I tried alternative operational definitions of “overwhelmingly of the same ethnicity,” but they all told effectively the same story. I report the results when the operational definition of “overwhelmingly” is 80 percent of the population. Of the 1,363 zip codes in the dozen cities, 96 were overwhelmingly white by this definition, 57 were overwhelmingly black, 80 were overwhelmingly Latino, and 1,130 did not meet the “overwhelming” criterion for any ethnic group.

Here are the results of the multivariate analysis:

A standardized regression coefficient is comparable to an “effect size” in the analysis of experiments or social programs. In this case, the coefficient of –.18 for the SES index score means that an increase of a standard deviation in a zip code’s SES index score is associated with a reduction of 0.18 standard deviations in the zip code’s coronavirus rate even after taking the ethnic composition of the zip code into account along with other control variables (see the box). For the ethnic variables, the coefficients are relative to a reference group — in this case, the 1,130 zip codes that did not meet the “overwhelming” criterion for any ethnic group.

Translating these results into English: SES maintains its significant association with lower coronavirus rates even after ethnicity has been taken into account. The magnitude of SES’s independent effect is small by the customary interpretation of effect sizes. White zip codes are also associated with modestly lower coronavirus rates independently of SES. These data don’t support a significant effect involving Latino zip codes. For African American zip codes, a very small effect does reach statistical significance.

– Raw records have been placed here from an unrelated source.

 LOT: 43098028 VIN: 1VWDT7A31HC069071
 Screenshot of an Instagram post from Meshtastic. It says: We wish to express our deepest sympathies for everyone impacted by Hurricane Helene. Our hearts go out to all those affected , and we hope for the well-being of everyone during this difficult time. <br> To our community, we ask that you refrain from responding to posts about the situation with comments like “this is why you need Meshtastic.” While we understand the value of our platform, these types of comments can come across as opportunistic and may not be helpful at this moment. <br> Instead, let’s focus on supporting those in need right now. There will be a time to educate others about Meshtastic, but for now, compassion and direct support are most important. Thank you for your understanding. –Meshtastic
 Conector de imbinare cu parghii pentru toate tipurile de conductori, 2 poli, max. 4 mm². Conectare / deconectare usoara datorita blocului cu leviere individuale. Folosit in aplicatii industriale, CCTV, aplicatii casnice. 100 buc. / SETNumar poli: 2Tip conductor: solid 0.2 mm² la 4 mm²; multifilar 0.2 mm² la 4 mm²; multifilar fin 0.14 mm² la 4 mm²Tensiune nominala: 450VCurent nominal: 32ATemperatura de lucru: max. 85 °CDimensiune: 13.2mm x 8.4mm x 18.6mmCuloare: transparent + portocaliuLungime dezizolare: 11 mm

If you’re looking for clarity, it is an unsatisfying set of results. It is correct that disturbingly disproportionate numbers of blacks and Latinos have contracted COVID-19, but you cannot use the zip code analyses to support claims that discrimination and racism are the culprit. And yet it remains true that overwhelmingly white zip codes do have systematically lower coronavirus rates than black or Latino zip codes — not by a lot, but it is an advantage for white zip codes that persists when you look at the data from multiple perspectives that I have not reported here.

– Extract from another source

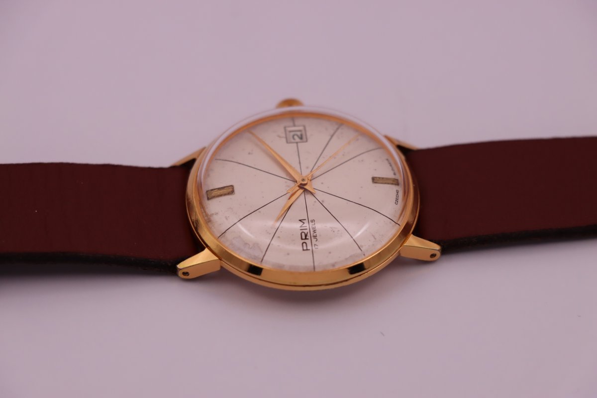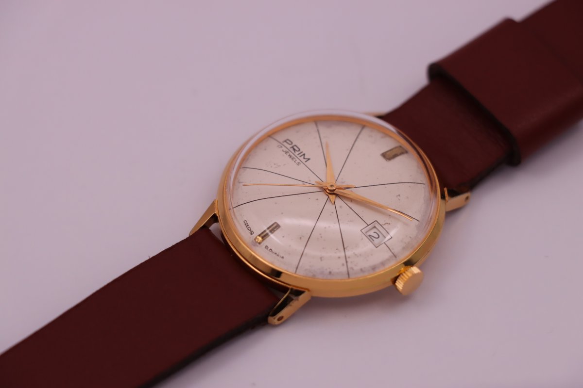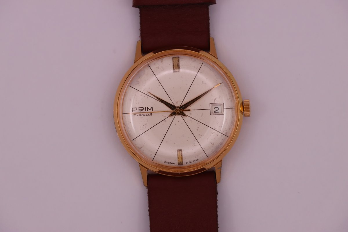 Prim kalibr 68, zlacené pouzdro, typ 68 144 03 z roku 1967, kožený řemínek není součástí nabídky, stav dle fotek.

The bottom line is a completely unoriginal finding. Social scientists first got the capability to analyze multivariate statistical relationships for large samples in the mid-1960s. In the subsequent 55 years, they have explored the relative effects of self-identified ethnicity and SES for a broad array of indicators involving health, social behavior, labor market behavior, educational success, and economic success. With few exceptions, these analyses have found that different ethnic groups have different outcomes that are partially but not fully explained by SES. And so it is with coronavirus rates. So far, the independent role of ethnicity in the pandemic is unusual only in being smaller than its role in many other persisting ethnic differences.